Click4Ai

78.

Medium

Implement a GaussianNaiveBayes classifier that uses Bayes' theorem with the assumption that features follow a Gaussian (normal) distribution within each class.

Algorithm:

1. **fit(X, y):** For each class, compute the mean and variance of each feature, and the prior probability P(class).

2. **predict(X):** For each sample, compute P(class | features) using Bayes' theorem. The class with the highest posterior probability wins.
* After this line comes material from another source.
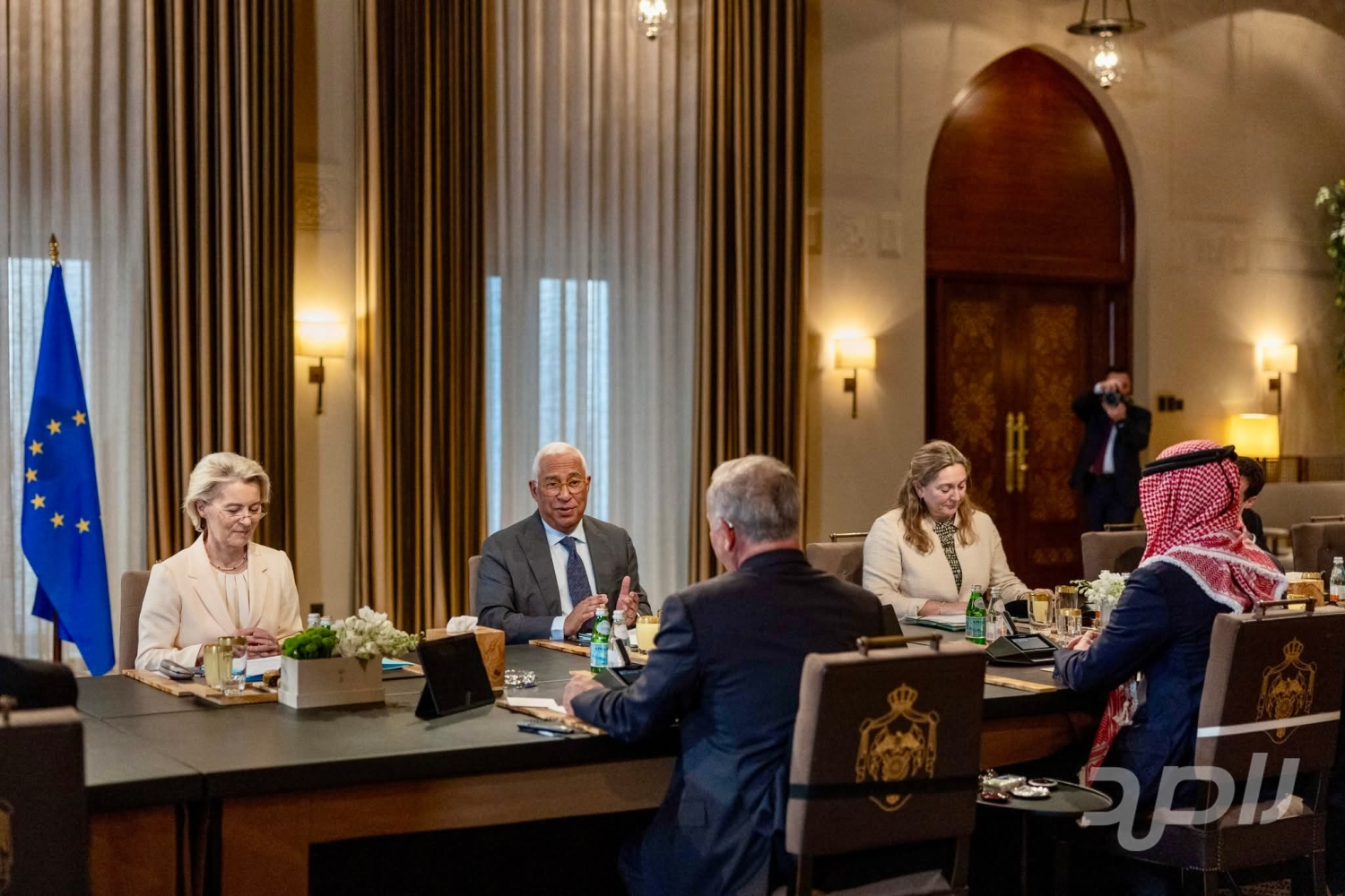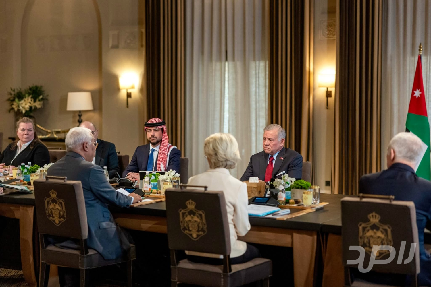 ورحب جلالة الملك في بداية مباحثات موسعة في قصر الحسينية بالمسؤولين الأوروبيين، مشيرا إلى أن هذه القمة تمثل فصلا مهما في الشراكة التاريخية بين الأردن والاتحاد الأوروبي، وتعزز العلاقات المبنية على الالتزام بالعمل من أجل الاستقرار الإقليمي والازدهار.

**Gaussian PDF:** P(x | class) = (1 / sqrt(2 * pi * var)) * exp(-(x - mean)^2 / (2 * var))

Example:

gnb = GaussianNaiveBayes()

gnb.fit(X_train, y_train)

predictions = gnb.predict(X_test)

**Explanation:** For each test sample, compute the log-likelihood of each class by summing log-Gaussian-PDF across all features, add the log-prior, and pick the class with the highest total.

Constraints:

  • Assume features are continuous and conditionally independent given the class
  • Use log probabilities to avoid numerical underflow
  • Handle at least 2 classes
  • Test Cases

    Test Case 1
    Input: Fit on simple 2-class data with 2 features
    Expected: Model stores correct number of classes, means, and variances
    Test Case 2
    Input: Predict on training data (well-separated clusters)
    Expected: High accuracy on training set
    Test Case 3
    Input: Check priors sum to 1.0 after fit
    Expected: 1.0
    + 2 hidden test cases